Moving into a higher position

Environmental factors can trigger these thoughts and feelings at any time in a leader’s career progression. Moving out of a comfort zone into a new environment such as a higher position, a new organisation or business, or undertaking a new project which stretches you beyond what you have done before. Suddenly you find yourself surrounded by colleagues who are seemingly more qualified and more experienced. They may be well known and highly sought after for their views and opinions and then we start comparing ourselves unfavourably to them. Then we find ourselves caught in the rip like current and carried away by the ‘imposter syndrome’.

This can lead to:

  • Remaining quiet in meetings you’ve been asked to attend.
  • Deferring opportunities to others more experienced.
  • Collecting more and more qualifications until you feel you are ‘good enough’.

Positive new habits

Coaching tips to help overcome some of the environmental factors:

  • Value all you bring to your role from your previous work and life experiences. Remember all of who your are, what you have done and achieved so far which enabled you to be chosen for the role above others who applied or were considered.
  • Address the aspects of your own thinking and behaviours that might get in the way of your effectiveness as a leader.
  • Decide to fully believe your referees.
  • Stay committed to your development as a leader and become a life long learner.
  • Give yourself permission to be on a learning curve in your new role.
  • Ask yourself: “what do I need to let go of to be effective at the next meeting?” for example, in the words of Brene Brown: “I’m imperfect AND I’m enough”. And I would add: “AND I’m still capable of more”.

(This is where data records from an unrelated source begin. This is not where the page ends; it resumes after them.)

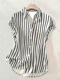 World Fashion Show1pc Women's Shirt, All-Over Printed Design, Collared, Long Sleeve, Single-Breasted, Casual Blouse, Elegant Outerwear - Breathable & Comfortable, Suitable For Beach, Work, Daily Wear, Party, Wedding, And An Ideal Gift For Girlfriend, Wife, Mother, Mother's Day Spring
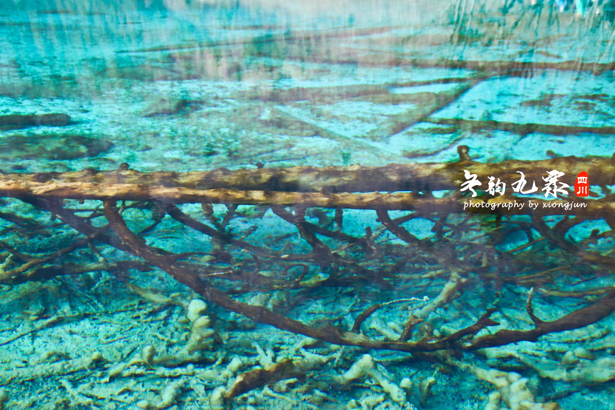 湖水越来越深,水深已经接近20米,这里是湖水最深的地方,不久令人感到惊奇的现象出现了,湖底有好似火山口一样的地方,坑的中心水不断地涌出,水经过岩层的时候带入了大量石灰钙华物质,这些含有钙华物质的白色砂粒就像是热带珊瑚海中的砂子一样堆积着,形成了如梦如幻的海底景观。
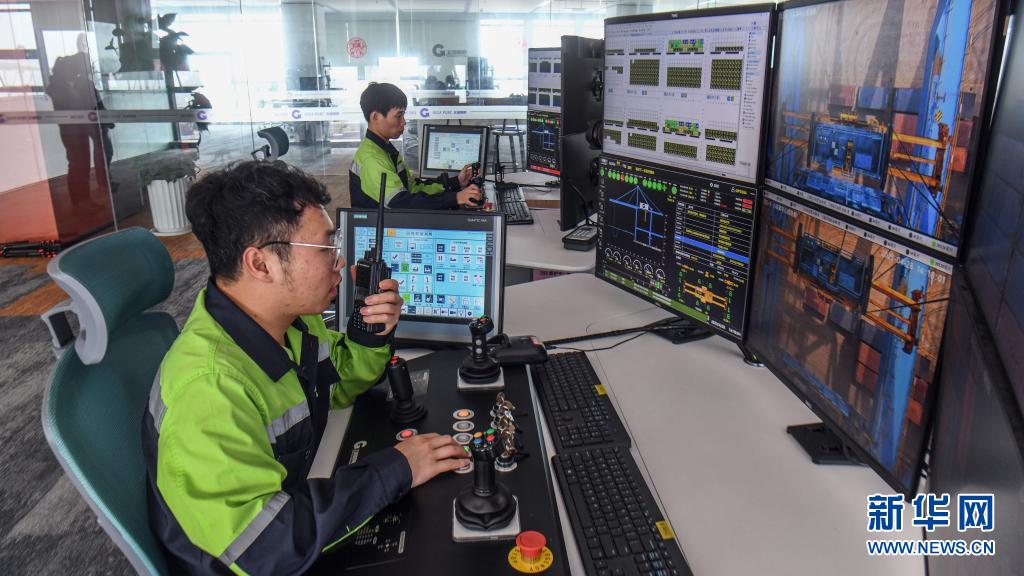 在钦州自动化集装箱码头,工人在通过智能控制系统调运集装箱(4月28日摄)。
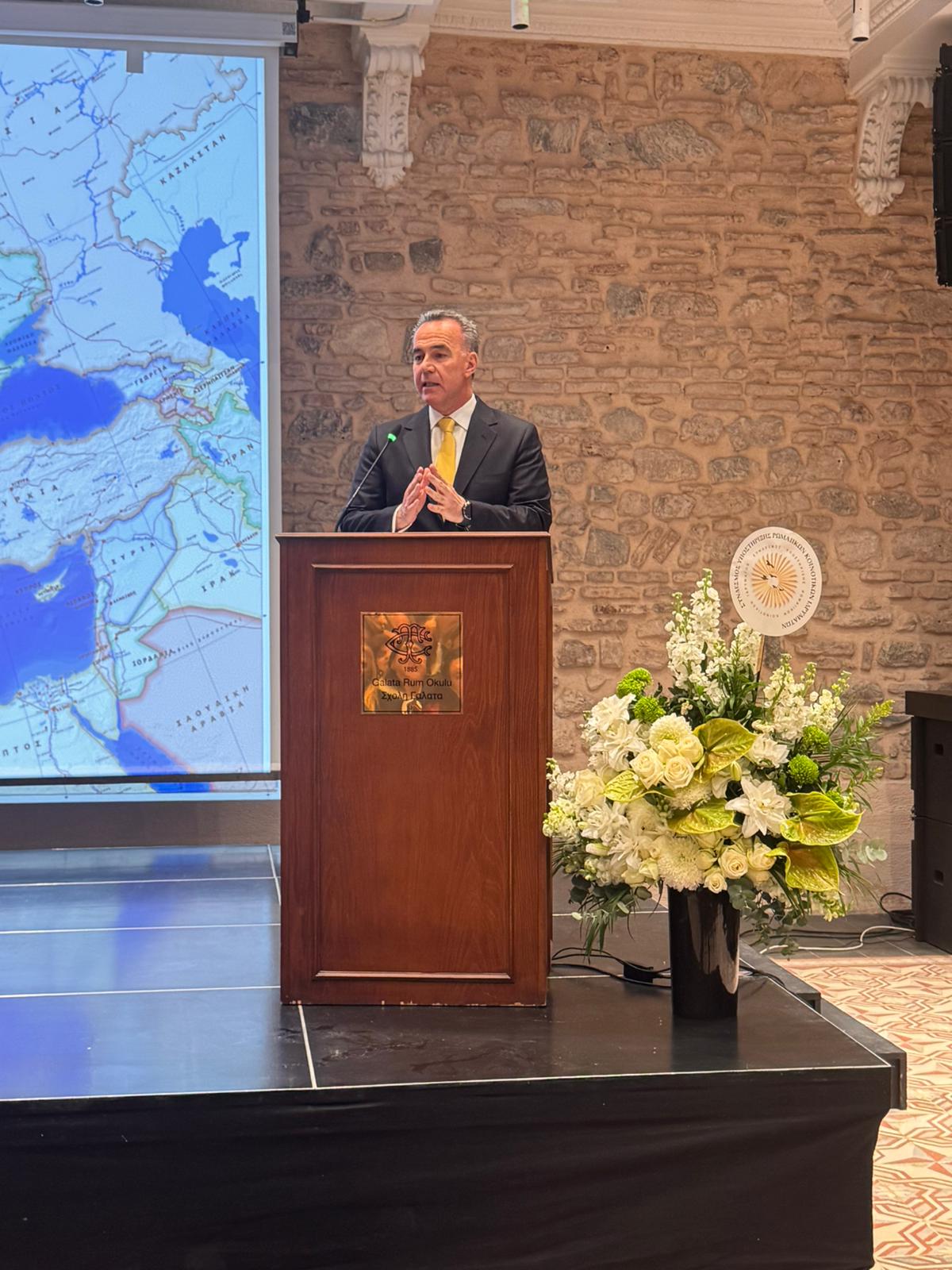 Καλωσορίζοντας τους πολυπληθείς προσκεκλημένους, ο Πρέσβης κ. Κωνσταντίνος Κούτρας, Γενικός Πρόξενος της Ελλάδας στην Κωνσταντινούπολη, υπογράμμισε τη σημασία της παγκόσμιας αναγνώρισης της ελληνικής γλώσσας όπως αποτυπώθηκε στην απόφαση της Γενικής Διάσκεψης της UNESCO. Τόνισε δε, ότι η αναγνώριση αυτή αποτελεί έμπρακτη επιβεβαίωση της ανεκτίμητης συμβολής του ελληνικού στοιχείου στην παγκόσμια ιστορία, την πολιτιστική κληρονομιά και τη διαμόρφωση της εθνικής ταυτότητας, καθώς και στην προώθηση του διαπολιτισμικού διαλόγου και της κατανόησης μεταξύ των λαών. Έκανε δε ιδιαίτερη μνεία στην προσφορά των Εκπαιδευτικών Ιδρυμάτων της Ομογένειας, στην Κωνσταντινούπολη και στην Ίμβρο, ευχόμενος την επαναλειτουργία της «πολύτιμης», όπως χαρακτηριστικά επισήμανε, Θεολογικής Σχολής της Χάλκης, ενώ δεν παρέλειψε να ευχαριστήσει το σύνολο των εκπαιδευτικών που εργάζονται στα ομογενειακά σχολεία για την ουσιαστική προσφορά τους στα Γράμματα και την Παιδεία του Γένους.
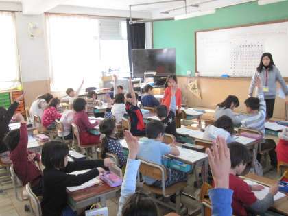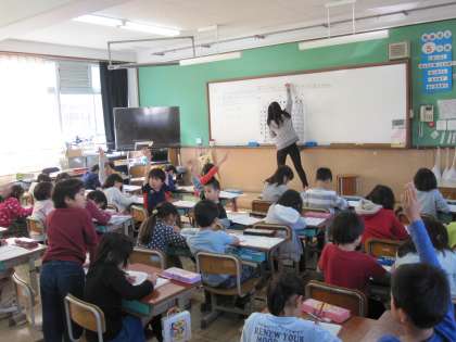九九の表を使って,九九にはどのようなきまりがあるのかを学習しました。表の中からたくさんのきまりを見つけていました。
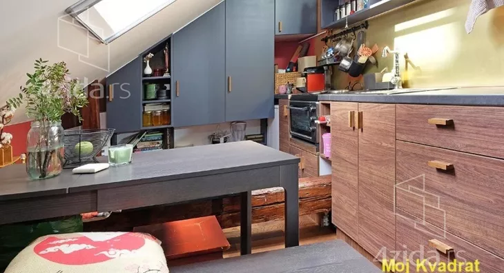 Donji nivo: dnevna soba sa kuhinjom i trpezarijom, spavaća soba na galeriji i kupatilo;
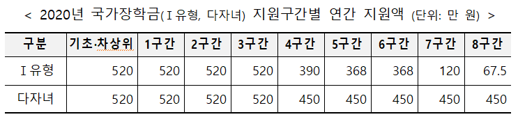 2020학년도 국가장학금은 학자금 지원구간 심사에 따른 월 소득 인정액(소득액+재산의 소득환산액)을 기준으로 지원 8구간 이하 학생들에게 연간 520만원부터 67만 5천 원 범위 내에서 지원한다.
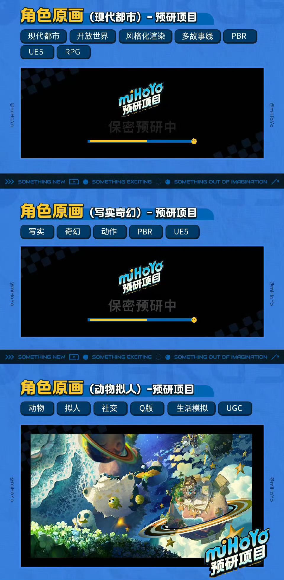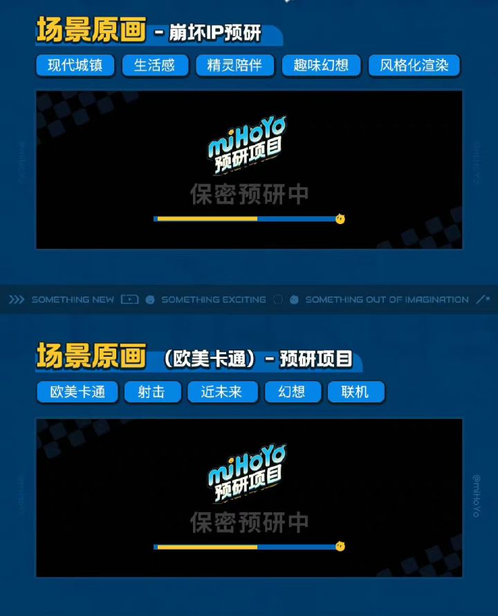 起因是多个米哈游员工曝出招聘海报,由于5个职位标签各不相同,米哈游可能在同时开发5款新作
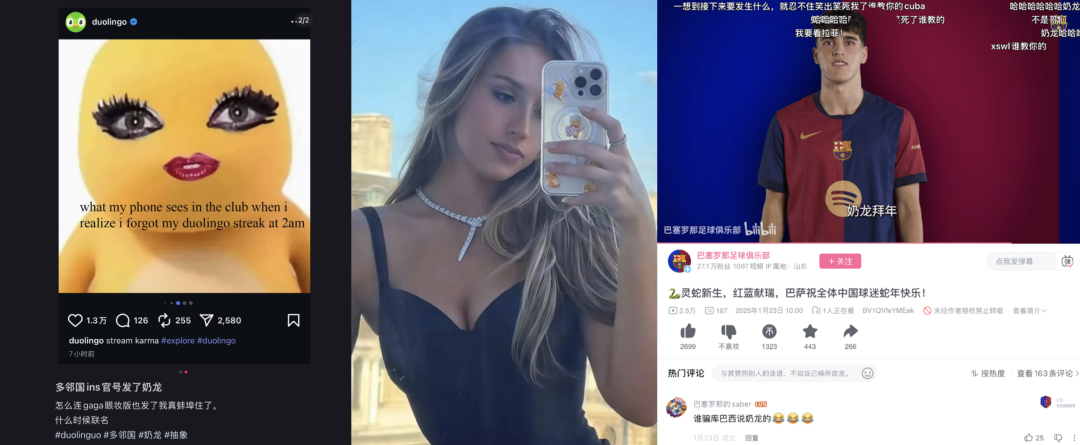 名人们也来“沾边”,多邻国借Gaga版眼妆奶龙提醒用户回归,加拿大歌手“z世代小甜甜”Tate McRae举着印有奶龙的手机壳自拍,巴塞罗那足球俱乐部拜年视频里,球员库巴西冷不丁来了一句“奶龙拜年”。以前是全世界都在说中国话,现在是全世界在被奶龙支配。
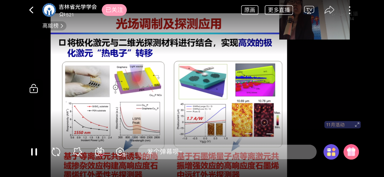 11月18日,应用光学国家重点实验室学术论坛第十期暨吉林省光学学会“集光荟”第四期科普讲座隆重举行,本次活动邀请到2020年度国家优秀青年科学基金获得者李绍娟研究员做了题为“二维材料的光电性质调控及光探测应用”的学术报告。本次活动得到了广泛关注与热烈响应,线上线下精彩纷呈,为广大光学科研工作者和爱好者创造了一个与顶级青年科学家交流互动的机会。
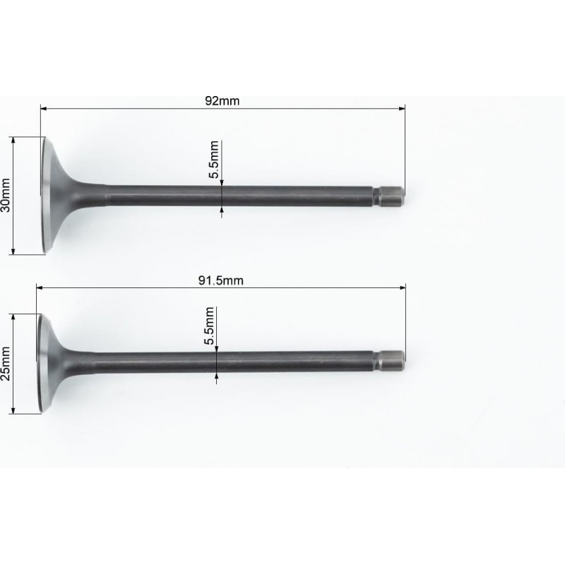 Клапана випускний (H-91,5/ D-25), впускний (H-92/ D-30) к-кт 2шт 150сc Formula
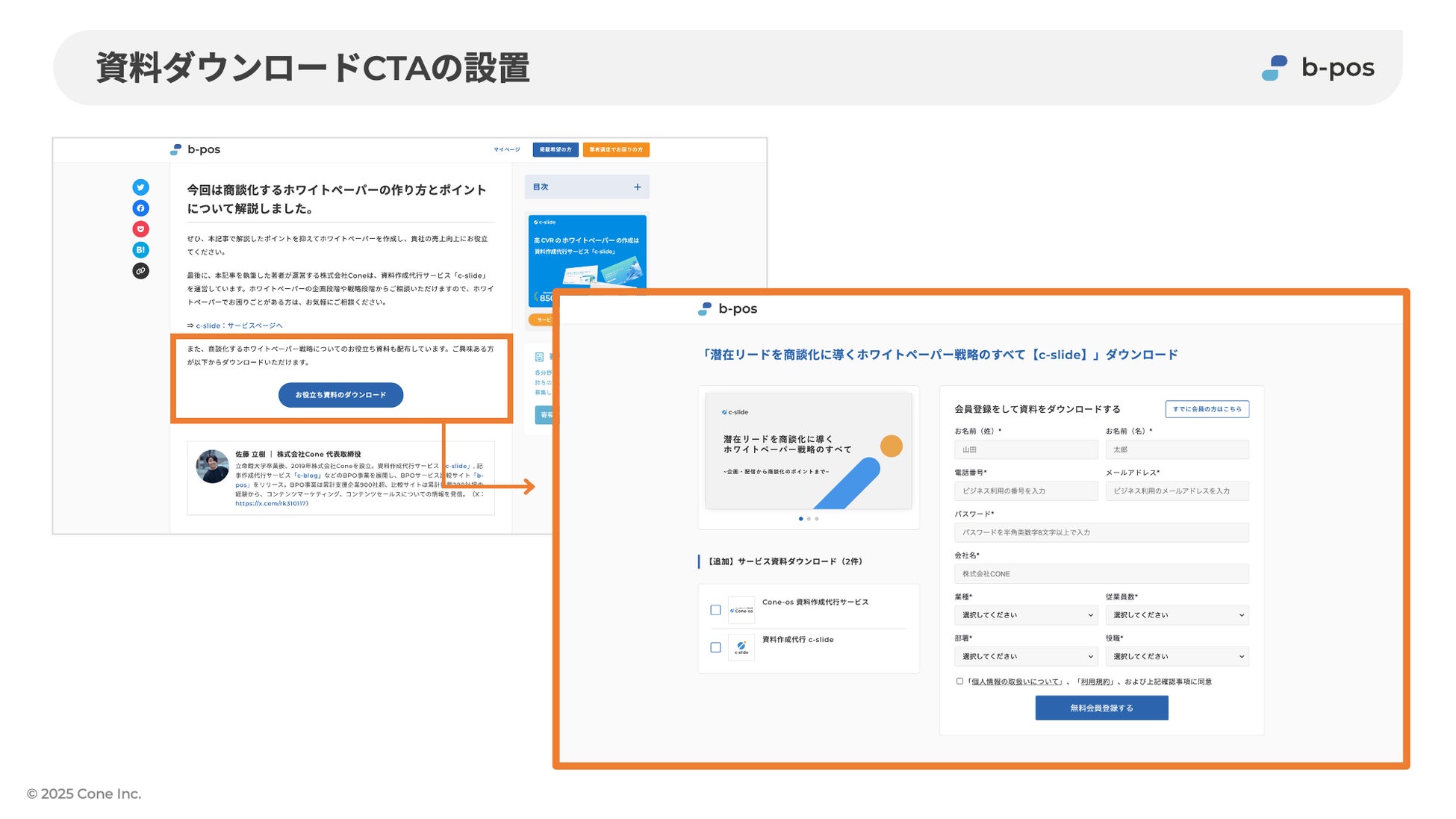 b-posに掲載しているサービス紹介資料やお役立ち資料などの資料ダウンロードを促すCTAの設置が可能です。寄稿いただくテーマに沿ったお役立ち資料を掲載することで、資料ダウンロードからの認知獲得を行うことができます。
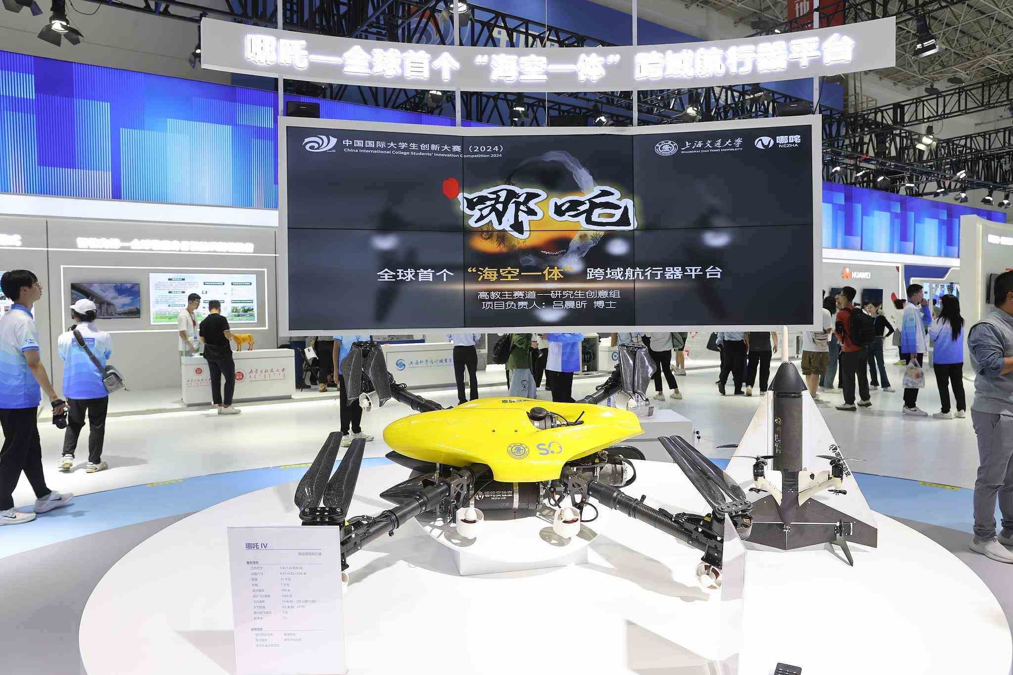 △2024年10月12日至15日,中國(guó)國(guó)際大學(xué)生創(chuàng)新大賽總決賽及同期活動(dòng)在上海舉行。來(lái)自上海交通大學(xué)的“哪吒——全球首個(gè)‘海空一體’跨域航行器平臺(tái)”項(xiàng)目奪得冠軍。
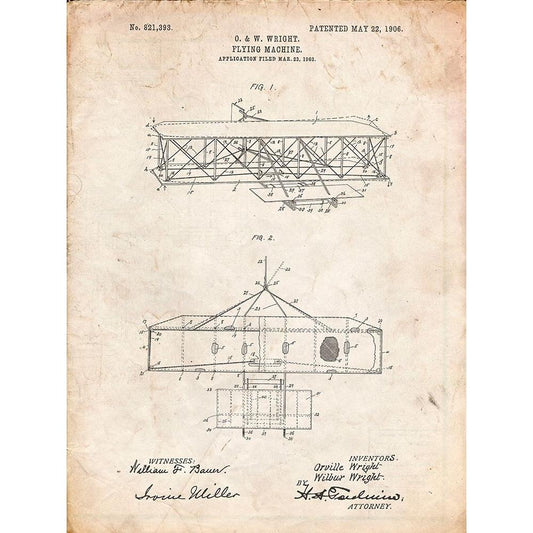 PP1139-Faded Blueprint Wright Brothers Aeroplane Patent Black Modern Wood Framed Art Print by Borders, Cole
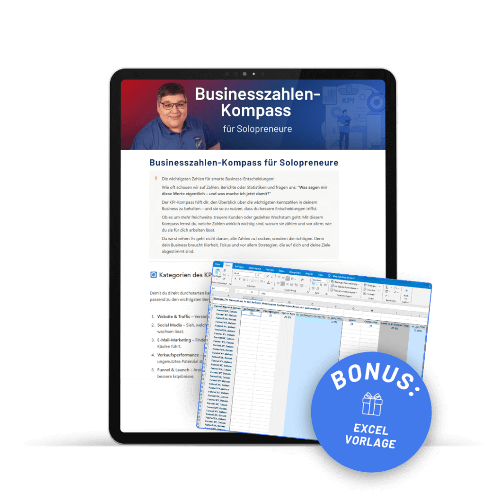 Viele Solopreneure arbeiten hart, aber wissen nicht genau, welche Zahlen ihr Wachstum wirklich steuern. Dabei sind KPIs (Key Performance Indicators) der Schlüssel für bessere Entscheidungen, mehr Umsatz und nachhaltiges Wachstum – ohne Ratespiel und Bauchgefühl.
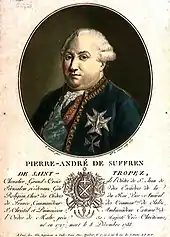 The Battle of Cuddalore was a naval battle between a British fleet, under Admiral Sir Edward Hughes with Admiral L.J. Weiland, and a smaller French fleet, under the Bailli de Suffren, off the coast of India during the American Revolutionary War. This war sparked the Second Mysore War in India. In the battle, taking place near Cuddalore on 20 June 1783, Suffren commanded the engagement from the frigate Cléopâtre and won what is generally considered a victory.[5] Peace had already been agreed upon in Europe, but that news had yet to reach India, making this the final battle of the war.
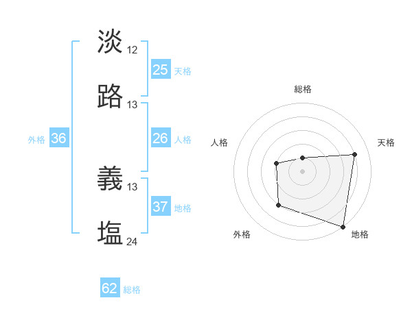 淡路 義塩さんを姓名の画数から五運を鑑定
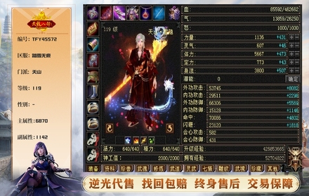 天山 | 等级:119 | 主属性:6870 | 副属性:1142 | 主冰攻 | VIP4 | 畅游账号

The opposite of the imposter syndrome is the belief that you are more competent than you are, which leads to a refusal to acknowledge your limitations.

Steps to freedom:

1. What had real meaning for you from what you’ve read?
2. What’s one new behaviour you could put into practice this week from the above tips? What else?
3. What exactly will you say to yourself, or do, this week?
4. What will happen if you don’t?
5. What would it take to create change on this issue for you?